From what I was told by one of their ops, TT no longer issue that make of
router. No explanation was given. (A read through their forums will give
you an idea why they have done that.)

In the end I found a permanent cure. Moved back to BT!! Slowest current DL
speed now 100%+ better that TT's ever fastest.
You went back to BT's daft policies and high prices just to get a good
router?!?
 
E

Evan Platt

take the router out of the equation.
Usually it's the ISP and being swamped to death with traffic.
Advice from richard bullis is best ignored. If any evidence is needed,
here's his definition of a bridge modem:

A standard modem generally uses a regular cable line and can hook up
into your computer via USB.
A bridge modem basically connects to that other larger port that is
neither the USB port nor phone line connector.
You might look up bridge modem in the windows help and support files.
 
R

richard

Advice from richard bullis is best ignored. If any evidence is needed,
here's his definition of a bridge modem:

A standard modem generally uses a regular cable line and can hook up
into your computer via USB.
A bridge modem basically connects to that other larger port that is
neither the USB port nor phone line connector.
You might look up bridge modem in the windows help and support files.
Evan Platt is my stalking fan club.
What he just posted is NOT my writing.
As Char Jackson also suggested the same line of troubleshooting, then why
isn't Evan attacking him?
I do know what an ethernet connector is asswipe.
 
M

Miles

* Brian Gregory [UK] wrote, On 02-Jan-12 17:34:
Is this the speed the modem is connected at dropping or just that you're not
able to download files as quickly as usual?
I've been going through similar hell forever with AT&T and it reached
a head this past few months. For instance yesterday I had bypassed
the wired router and went directly into the modem and to the computer
and the problem continued.

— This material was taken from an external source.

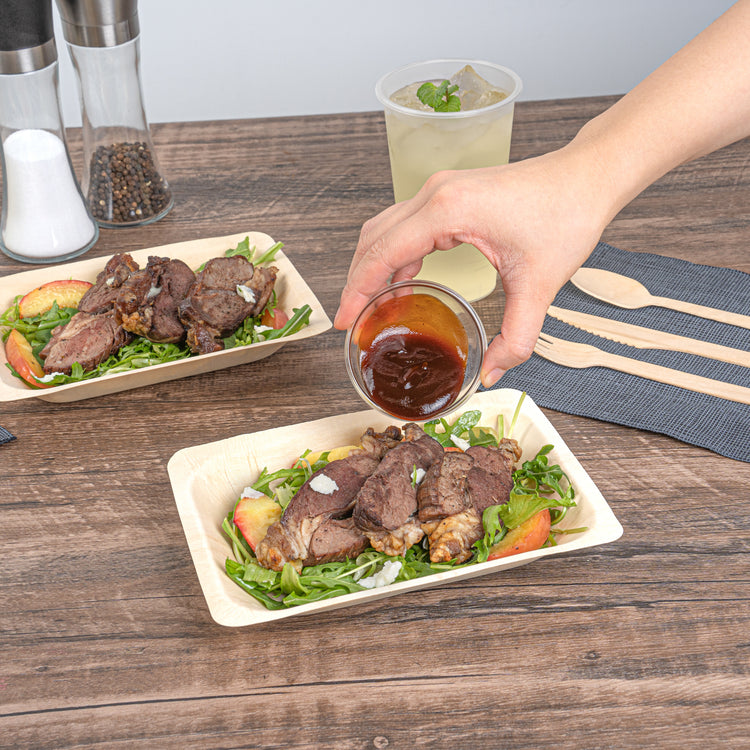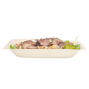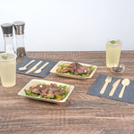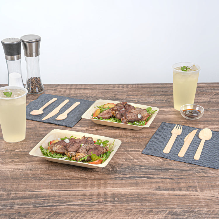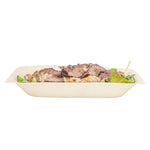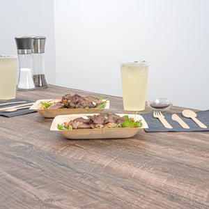 Present bite-sized fare with our Taipei Rectangle Natural Poplar Plates. These serving plates are crafted from poplar wood and are ideal for serving piping hot stir-fries to refreshing chilled salads, enhancing the diversity of your serving options. With a greaseproof construction, these party plates prevent oily or saucy leaks, ensuring a mess-free dining experience. These food plates are biodegradable and commercially compostable, showcasing your eco-conscious practices to your patrons. The rectangular shape of these disposable plates creates a sleek and sophisticated look for your culinary delights. These serving dishes have a neutral finish that blends with a variety of tablescapes, adding an exquisite touch that elevates the overall presentation. Measuring 7.75 inches in length by 5.5 inches in width by 1 inch in height, these rectangle plates offer ample space for serving various appetizers. Sold in a 50 count box. These items will only degrade outside of the traditional solid waste stream.

The "tech help" told me the computer could
still be connecting to the router so I asked for a supervisor.
Unfortunately he was just as lame and also told me that the street and
office techs are off for 2 days - and they were the ones that told me
a week ago that the old copper line to my place was corroded and it's
common for it to fail on cold wet nights. Another lineman changed the
line and it was OK for couple of days! (And it's even copper to the
B-box, never have been updated in my city. I hung up, never to call
back! Can't wait to get rid of them!
 
C

Char Jackson

I've looked through all the options in the thing, and there's no sign of
anything that comes close to that. It's a very simple, ISP-provided
router-modem.
If only it had a model number or some kind of user manual... ;-)
 
R

Richard Colton

Evan Platt is my stalking fan club.
What he just posted is NOT my writing.
As Char Jackson also suggested the same line of troubleshooting, then why
isn't Evan attacking him?
I do know what an ethernet connector is asswipe.
If you didn't insist on making a fool of yourself with your usually
wildly inaccurate (or just plain wrong) assertions in the trollfest that
is 24hs.hd then you wouldn't have these problems.
 
E

Ed Cryer

Char said:
If only it had a model number or some kind of user manual... ;-)
I'd have given you this earlier, including my ISP, but I get so tired of
people just using it as an opportunity to blast off with a rant against
A, B or C, and offering no beneficial advice.
However, that's been done already; so I can tell you it's UK Orange ISP,
Siemens Gigaset SE 572 router.
http://help.orange.co.uk/orangeuk/support/personal/242643

Everything seems ok today. I've done a line test with BT's facility;
http://www.speedtester.bt.com/

My guess is that the ISP has been imposing limits due to heavy usage.

Ed
 
E

Ed Cryer

Ed said:
I'd have given you this earlier, including my ISP, but I get so tired of
people just using it as an opportunity to blast off with a rant against
A, B or C, and offering no beneficial advice.
However, that's been done already; so I can tell you it's UK Orange ISP,
Siemens Gigaset SE 572 router.
http://help.orange.co.uk/orangeuk/support/personal/242643

Everything seems ok today. I've done a line test with BT's facility;
http://www.speedtester.bt.com/

My guess is that the ISP has been imposing limits due to heavy usage.

Ed
P.S. I still would like to be able to know more about checking the
router-modem itself. Some kind of diagnostic test for cache files etc.